# Alcoholic Root Beer



## RyboFlav (Apr 5, 2011)

I was reminded the other day of a root beer cooler that I used to drink back in university called "Joe Stiffs". It was a vodka based cooler.

So I got to thinking... "How can I ferment some rootbeer into a delicious beverage?"

I don't think that chucking some yeast into some flat root beer is going to give me the results I'm looking for so I put the question out there to see if anyone has attempted something like this in the past.

Any ideas?

-Ryan


----------



## buddy (Apr 5, 2011)

I haven't tried what you are attempting to do but I think what you need to do is get some root beer concentrate. Follow the directions for making root beer and then add some alcohol to give it the kick that you are looking for.


----------



## cpfan (Apr 5, 2011)

In Ontario, there is Woody's Sasparilla, a 5% root beer type cooler.

Steve


----------



## mmadmikes1 (Apr 5, 2011)

This was from Excellent Recipes for Baking Raised Bread, from the Fleishman Company,1912.

* 1 cake, compressed yeast
* 5 pounds, sugar
* 2 ounces, sassafras root
* 1 ounce, hops or ginger root
* 2 ounces, juniper berries
* 4 gallons, water <
* 1 ounce, dandelion root
* 2 ounces, wintergreen

Procedure:
Wash roots well in cold water. Add juniper berries (crushed) and hops. Pour 8 quarts
boiling water over root mixture and boil slowly 20 minutes. Strain through flannel bag.
Add sugar and remaining 8 quarts water. Allow to stand until lukewarm. Dissolve yeast in
a little cool water. Add to root liquid. Stir will. Let settle then strain again and bottle.
Cork tightly. Keep in a warm room 5 to 6 hours, then store in a cool place. Put on ice as
required for use.


----------



## RyboFlav (Apr 6, 2011)

Hmmm.... it looks like the most reasonable option is what buddy is suggesting, but if I could find the ingredients for mike's recipe, I would certainly like to try it!


----------



## cpfan (Apr 6, 2011)

I found this on the web...

Ingredients:
1 ounce Galliano
1 ounce Kahlua
beer or club soda to fill

Instructions: In a frosted beer mug, add Galliano and Kahlua. Fill with beer
or club soda. (Beer works best to produce a foamy, root beer-like "head.")
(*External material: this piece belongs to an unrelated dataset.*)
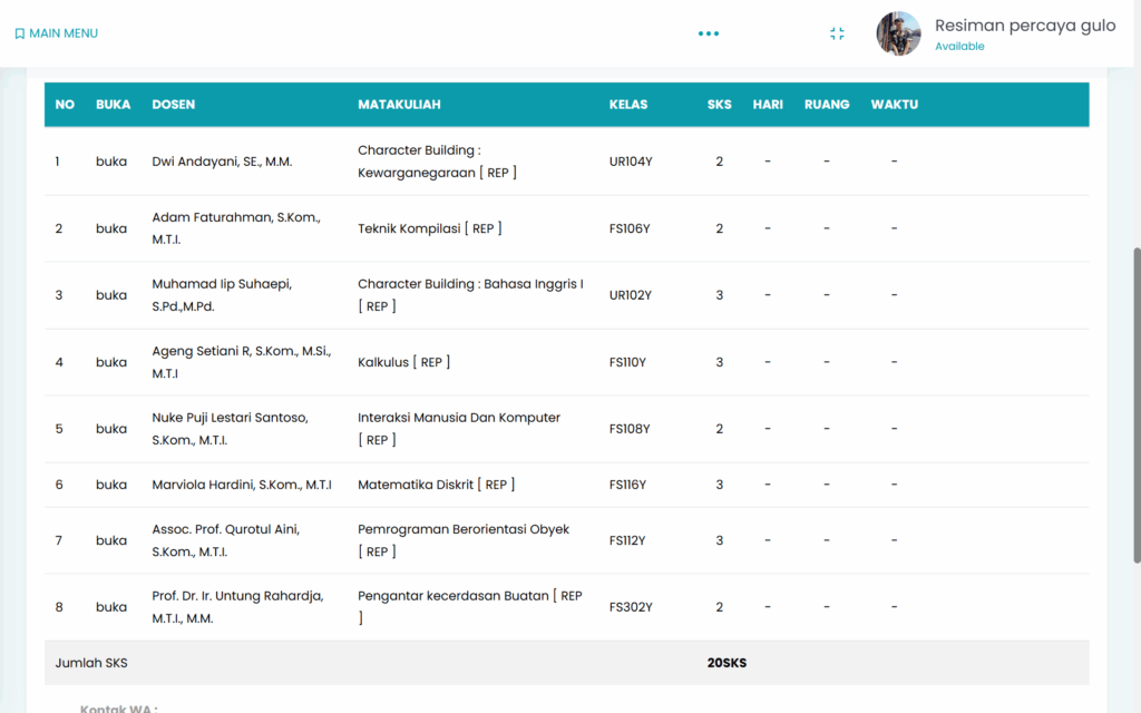 Dan dibimbing oleh para dewan dosen yang hebat dan cerdas, berikut adalah jadwal kuliah Resiman serta para dewan dosen yang telah menemani Resiman di semester 2 ini:

Another site suggested using cola.

No idea what these taste like. You could substitute root beer soft drink for the beer/club soda/cola.

Steve


----------



## kzhen (Jul 5, 2011)

Sounds delicious! I wonder how different it would taste like as compared to regular root beer.


----------



## Airplanedoc (Jul 5, 2011)

FYI McCormmicks rootbeer extract is sold in the spice aisle at the grocery store, It makes pretty decent rootbeer. if you are like me and have to drive a ways to the homebrew shop or mail order.


----------



## barryjo (Jul 16, 2011)

*root beer*



buddy said:


> I haven't tried what you are attempting to do but I think what you need to do is get some root beer concentrate. Follow the directions for making root beer and then add some alcohol to give it the kick that you are looking for.


Many moons ago, I used Hires Root Beer Concentrate to make this. I was totally uninformed about the fermentation process. So I mixed things up per the directions and put the results into recycled Welch's grape juice bottles. 
(I was also making grape wine?) Several weeks later the bottles started exploding. Wife was not happy. And then during a weekend neighborhood party, the kids started acting strange. Seems they had found my root beer.
I have no idea what the ABV would be. Not sure I would add vodka for an extra kick. but that is my preference.


----------



## Runningwolf (Jul 16, 2011)

Barryjo, first off welcome to the forum. What kind of wines are you making now. I love the story. That is too funny!


----------



## Duster (Jul 16, 2011)

I have never tried root beer but I bet if you look up some recipes for home made ginger ale, then think about changing the ginger root out with sarsaparilla root you will be off on the right foot. never know you may come up with something you like really well, just in case you don't, i would only make 1 gallon batches


----------



## barryjo (Jul 19, 2011)

Thanks for the welcome,runningwolf. 
I am presently making the following: 
several Triple Berry from Sam's club fruit, several Berry Medley from Walmart, cranberry from cans and frozen, chokecherry and nanking cherry from home grown fruit, a plum from canned fruit, a chocolate-maraschino cherry from an internet recipe, and a cherry pie wine from the i-net. Just started another triple berry yesterday.
Need to start another skeeter pee.
Since I live far from a good source for ripe fruit, I have to rely on kits, cans and frozen quite a bit. 
I made an onion wine a while back that others said was good for cooking. 
BTW, it was Lon of Skeeter Pee fame who told me about this forum.


----------



## docanddeb (Jul 22, 2011)

That root beer would be interesting... I hope someone tries it. I saw a discussion in another forum about trying it as well.

Debbie


----------